In 1968, the Sony Portapak -- the first portable video tape recording system -- arrived in France, heralded with a paper advertisement showing an à la mode teenage schoolgirl with the two-piece video camera slung over her shoulder like a backpack. Soon after, 24-year-old Carole Roussopoulos lost her day-job at Vogue and, at the urging of her husband’s friend Jean Genet, became the second person in France to purchase the Portapak. The first was Jean-Luc Godard.
This quiet cataclysm was the launching point of a number of post-’68 all-women activist-minded video collectives in Paris, and is also what would eventually lead Roussopoulos to meeting Delphine Seyrig. Roussopoulos’s friendship with the movie star is the subject of Delphine et Carole, which has its US premiere at MoMA Doc Fortnight. The film is directed by the documentarian Callisto McNulty, who is also the granddaughter of Roussopoulos -- text explains that the extraordinarily prolific Roussopoulos was working on a documentary about her friend when she passed away in 2009. That film was the starting point for this one.

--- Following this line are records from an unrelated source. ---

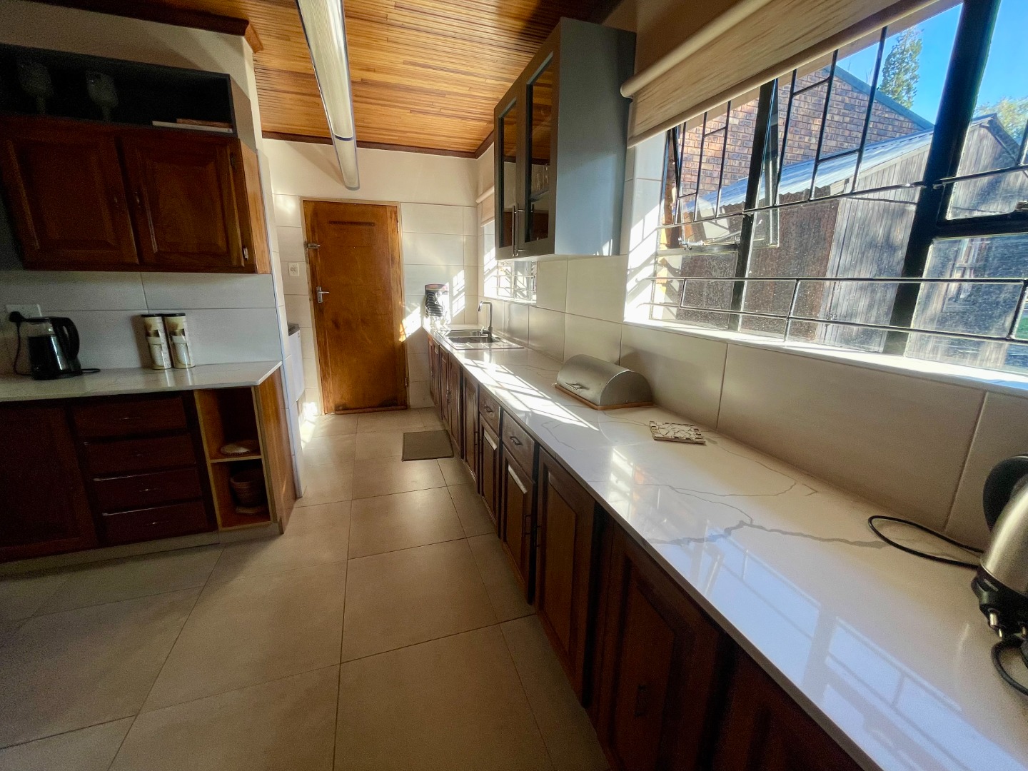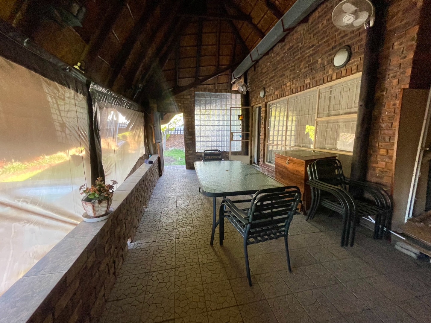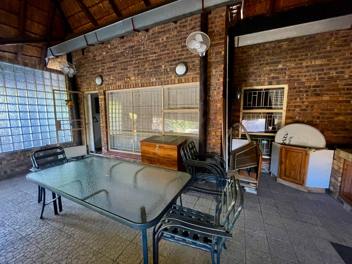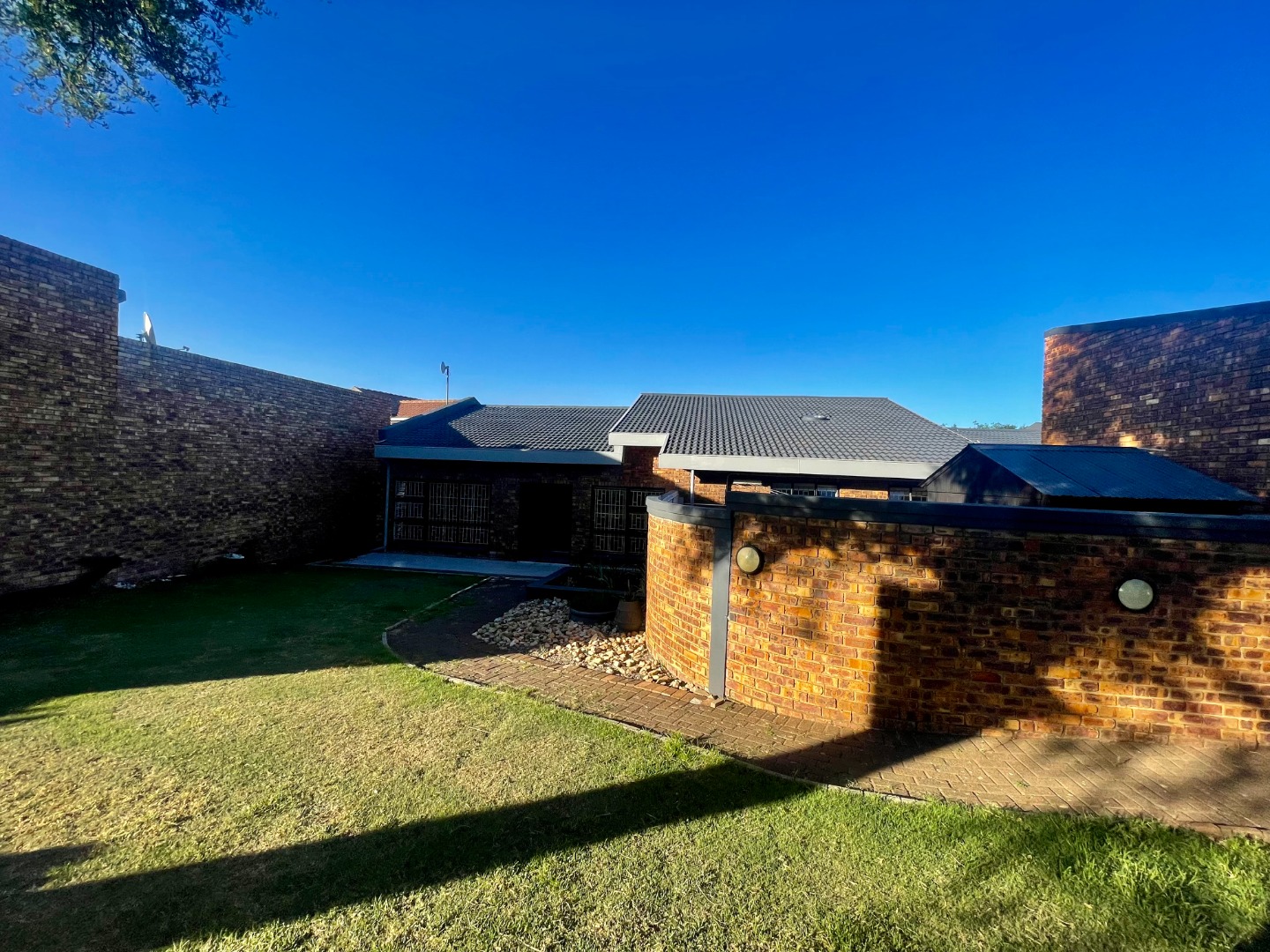 Discover an exceptional residential offering in the esteemed locale of Kinross, Secunda. This distinguished property, set on a generous 1000 sqm erf, presents an immediate impression of refined elegance. A grand entrance hall welcomes you, setting the tone for the sophisticated interiors that unfold within this magnificent home. Designed for discerning tastes, the residence boasts an open-plan layout that seamlessly connects its various living zones. Two expansive lounges provide ample space for relaxation and formal entertaining, complemented by a dedicated dining room. The well-appointed kitchen ensures effortless culinary creation. Further enhancing the interior appeal are a dedicated study for quiet contemplation and a comfortable family TV room, catering to diverse lifestyle needs. Exquisite special lighting and elegant wood ceilings throughout elevate the ambiance, creating an atmosphere of understated luxury. The private wing features four generously proportioned bedrooms, offering serene sanctuaries. Three meticulously designed bathrooms, including a luxurious en-suite, provide ultimate comfort. Step outside to a private oasis designed for grand entertaining: a meticulously landscaped garden with an efficient irrigation system and elegant paving frames a sparkling swimming pool. An impressive lapa and a dedicated braai room, featuring a built-in braai, promise unforgettable outdoor experiences. Practical additions include a charming Wendy house and convenient outside toilets. This pet-friendly haven offers ample space for enjoyment. Security is thoughtfully addressed with the property being totally walled and fitted with robust burglar bars, providing peace of mind. Nestled in the desirable Kinross area, this home offers a tranquil suburban lifestyle while remaining conveniently close to the amenities of Secunda. Key Features: * Four luxurious bedrooms * Three elegant bathrooms, including one en-suite * Two spacious lounges and a family TV room * Dedicated study and dining room * Sparkling swimming pool with lapa and braai room * Double garage and two additional parking spaces * Expansive 1000 sqm erf with irrigated garden * Totally walled property with burglar bars * Open-plan design with special lighting and wood ceilings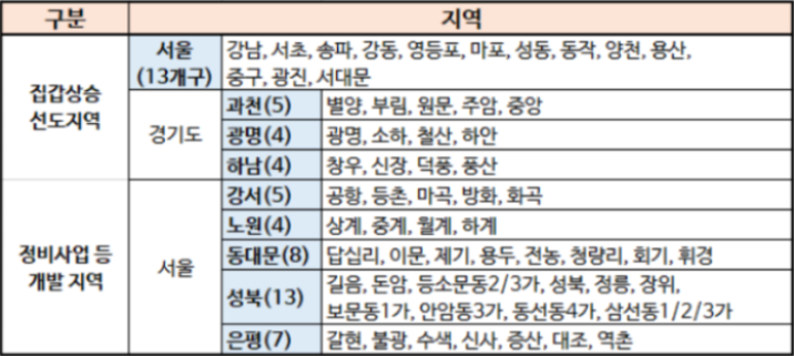 분양가 상한제 지정지역과 현황은 아래 참조하였습니다.
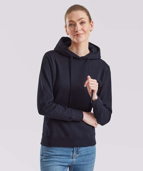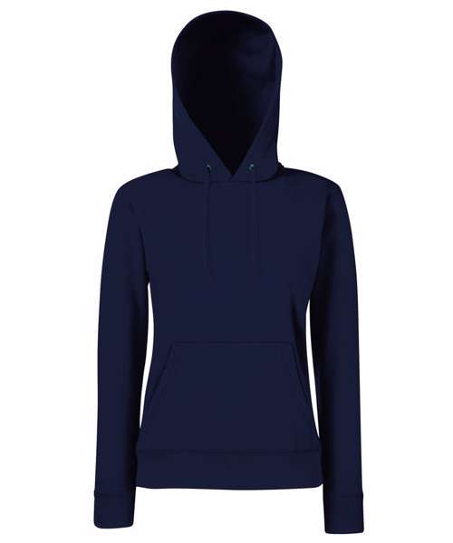 Made with a double fabric hood and shaped side seams for a feminine fit, the women's classic hooded sweat is perfect for promotions, music merchandise, licensing, tourism and more. Details include a front kangaroo pocket and self-coloured flat drawcord and cotton/Lycra® waist and cuff ribs for added warmth. This garment is available in a wide range of colours.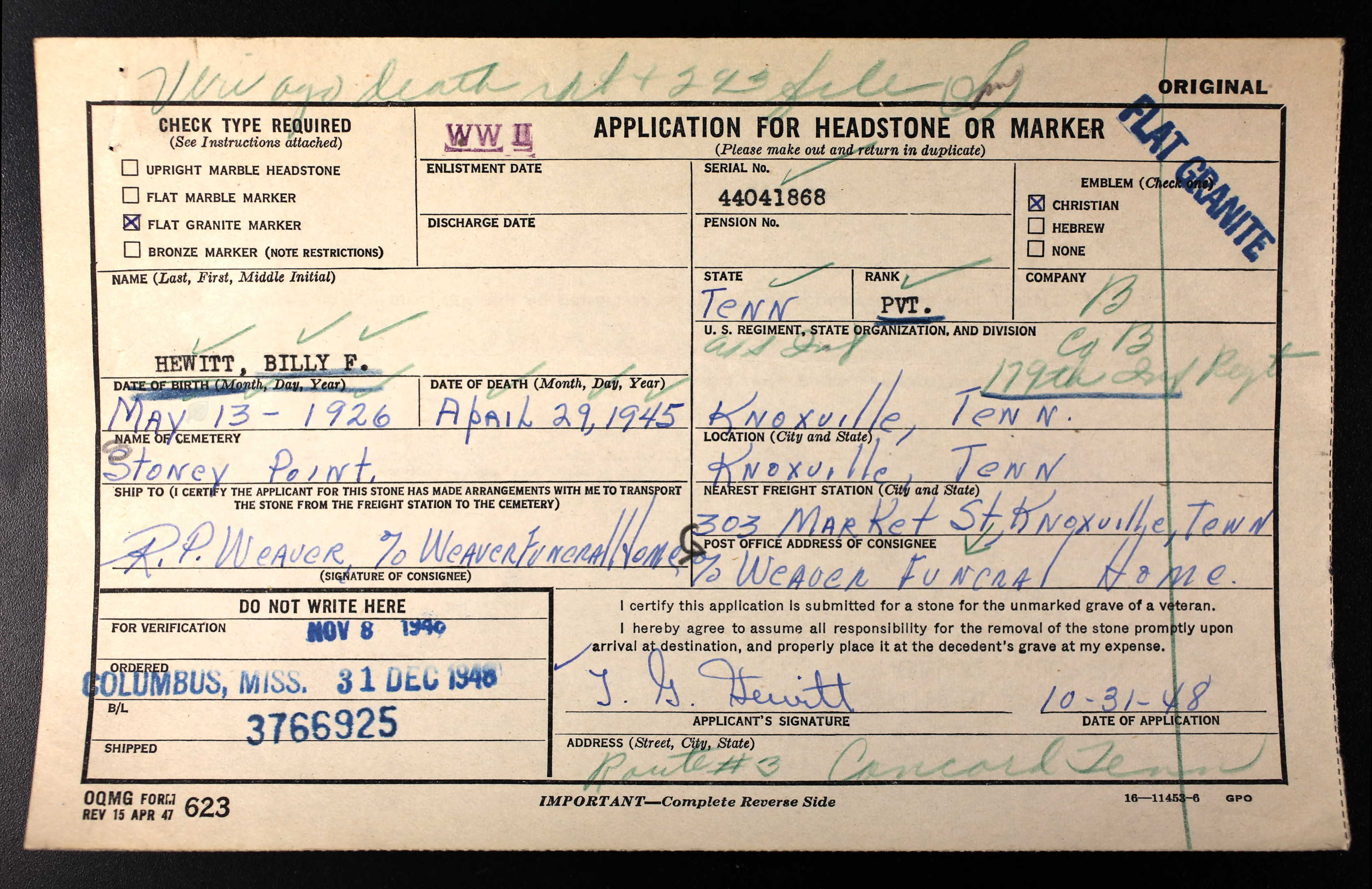 - Burial/Memorial Location: Stoney Point Cemetery, Knoxville, TN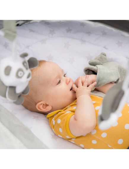 - Има 3 вградени играчки, които да висят и занимават Вашето бебче

Roussopoulos says on screen that when Seyrig walked into her modest video editing workshop in the 14th district of Paris to take a class, she had no idea who she was. Seyrig had a natural aptitude for the medium and bold theories on how the invention could bolster the women’s movement, and together with Ioana Wieder the women formed a collective dubbed Les Insoumuses. Much of their radical work could recently be seen at Anthology Film Archives’s 2017 overview of Roussopoulos’ films, and McNulty’s doc is a skillful distillation of their primary concerns -- legal and accessible abortion, the decriminalizing of sex work, the destigmatization of women’s sexuality in the media. Seyrig is such an immediately striking personality, alternating between furious, cunning, and wryly funny, that the collective element of their work gets a bit lost as the film is so taken by her presence, but it’s impossible to blame the filmmaker. There’s an innate power in seeing behind-the-scenes shots of Seyrig setting up a camera, grinning devilishly. Interviews with Marguerite Duras and a young Chantal Akerman tell us what is already so apparent -- Seyrig had a commanding knowledge of the ways that a camera could be used for political and social change, and many men in the industry feared her because of it. The brisk 70-minute film feels like a primer to a movement and the personality at the forefront of it, much as Sini Anderson’s Kathleen Hanna doc The Punk Singer did in 2013. McNulty’s film pulses with the same restless, inspirationally punk energy and serves as ripe entry point into Seyrig and Roussopoulos’ bodies of work.